WHO-Chef Tedros Adhanom Ghebreyesus hat erneut die Demokratische Republik Kongo wegen der sich dort weiter ausbreitenden Ebola-Pandemie besucht.

WHO-Chef Tedros Adhanom Ghebreyesus hat erneut die Demokratische Republik Kongo wegen der sich dort weiter ausbreitenden Ebola-Pandemie besucht. Tedros landete am Dienstag in der Hauptstadt Kinshasa, am Mittwoch sollte er mit Präsident Felix Tshisekedi zusammentreffen, wie ein Sprecher der Nachrichtenagentur AFP mitteilte.

Der WHO-Chef war bereits im Mai nach dem Ausbruch des Virus' in die Demokratische Republik Kongo gereist. Er besuchte dort die Provinz Ituri, in der fast 90 Prozent aller Fälle gemeldet wurden.

Am Wochenende hatte die UN-Gesundheitsorganisation gewarnt, dass sich das Virus in "außergewöhnlichem" Tempo ausbreite und die Maßnahmen der Gesundheitsdienste verstärkt werden müssen.

"Der Ebola-Ausbruch breitet sich leider immer noch schneller aus als die Maßnahmen ihn eindämmen können", betonte WHO-Sprecher Tarik Jasarevic in Genf vor Journalisten. Die WHO benötige mehr finanzielle Mittel, "aber auch andere Ressourcen, um alle Bereiche der Maßnahmen auszuweiten: Behandlungskapazitäten, Rechercheteams vor Ort, Teams für sichere Bestattungen und Sozialarbeiter".

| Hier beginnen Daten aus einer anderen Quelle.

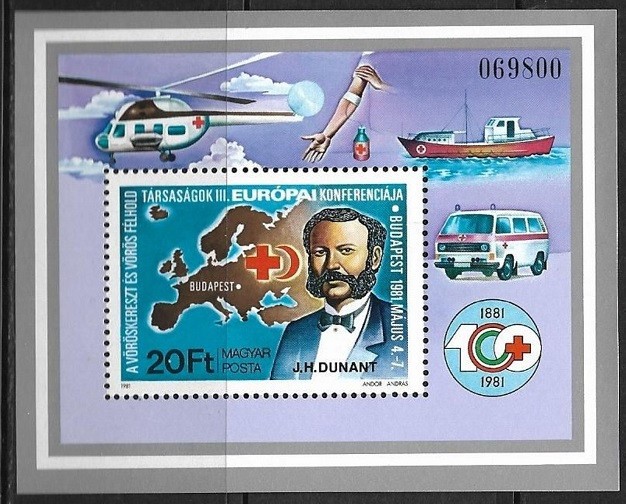C3050 - Ungaria 1981 - Crucea Rosie colita neuzat,perfecta stare

Die Demokratische Republik Kongo hatte den Ausbruch am 17. Mai offiziell erklärt. Seitdem hat die UNO 3874 bestätigte Fälle und 1751 Todesfälle verzeichnet.

Der Ausbruch betrifft fünf Provinzen im von jahrzehntelanger Gewalt geprägten Osten des Landes. Es handelt sich um den 17. Ebola-Ausbruch in der Demokratischen Republik Kongo. Verursacht wird er von der seltenen Bundibugyo-Variante des Virus, gegen die es bislang weder einen zugelassenen Impfstoff noch eine spezifische Behandlung gibt.

Ebola wird durch direkten Kontakt mit Körperflüssigkeiten Infizierter übertragen und kann schweres hämorrhagisches Fieber auslösen. In den vergangenen 50 Jahren starben in Afrika mehr als 15.000 Menschen an der Krankheit.